The ABC of the EPQ - Sixth Formers explain their Extended Project Qualifications

The ABC of the EPQ - Sixth Formers explain their Extended Project Qualifications

As an integral part of their Extended Project Qualification (EPQ), Sixth form students have been presenting their independently researched topics to teachers, peers and younger students over three lunchtimes in the school library. 

An EPQ is a big independent project of the student’s choice which lets them demonstrate skills such as creativity and critical thinking as well as self-discipline and project management. It’s a chance for them to be original and individual in their learning while earning up to 28 extra UCAS points! 

Our students’ original and fascinating projects ranged from ‘What is the effect of plastic on aquatic life.’ to ‘Is music the best form of medication.’ and ‘Designing a costume for the modern-day Juliet Capulet.’. Each project was highly individual, comprehensively researched and well displayed.

Blood pressure, mental health and all that jazz 

Millie G., who joined the Sixth Form in January, wrote a book for her EPQ called “Cathartic Distortion”, which is about the evidence behind the medicinal properties of music. She intends to study forensic science at university and wants to understand the efficacy of various treatments, including drugs, and how the effects can be measured. Her research suggests that while music may not be the best for many diseases, it has been shown to be very good for mental health and wellbeing. A significant lowering of blood pressure, an increase in motivation and the promotion of growth are all proven benefits. And the best sort of music? Jazz! 

She says:

“The EPQ process taught me a lot about time management, including how to improve my own, and the value of being comfortable in working independently.” 

A plastic sea 

Zoe E’s in-depth look at the effect of plastic on aquatic life showed her how an EPQ can be the start of something much greater, as within the EPQ timescale, what could potentially be a much bigger piece of research had to be tamed and controlled, in order to meet some very tight deadlines. She says she learned a lot about her own learning style and how to improve on her project and time management skills. 

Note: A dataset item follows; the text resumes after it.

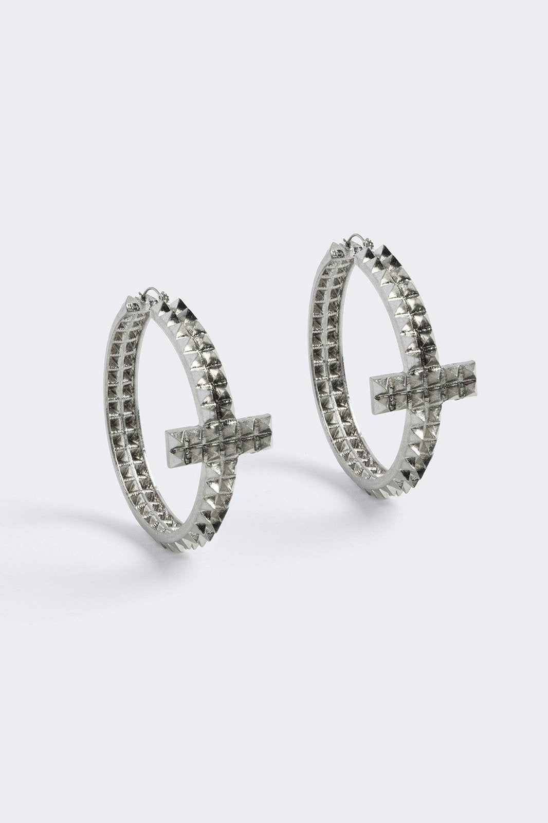 Silver chunky studded cross hoop earrings.

In researching coral and fish, and in particular small boney fish, her EPQ concluded that, worryingly, their fertility is affected by the plastics they are exposed to. A survey on the reuse and recycling of plastics from a sample of adults both in the UK and in Boston MA were both encouraging, with 91% saying they would reuse/recycle, and disappointing, with 29% admitting they would not pick up litter they saw laying on the ground. 

During the presentations, feedback from a highly critical student audience was also collected as part of the event, as evidence that visual aids were helpful, concepts were well explained and that overall, presentations were engaging and interesting.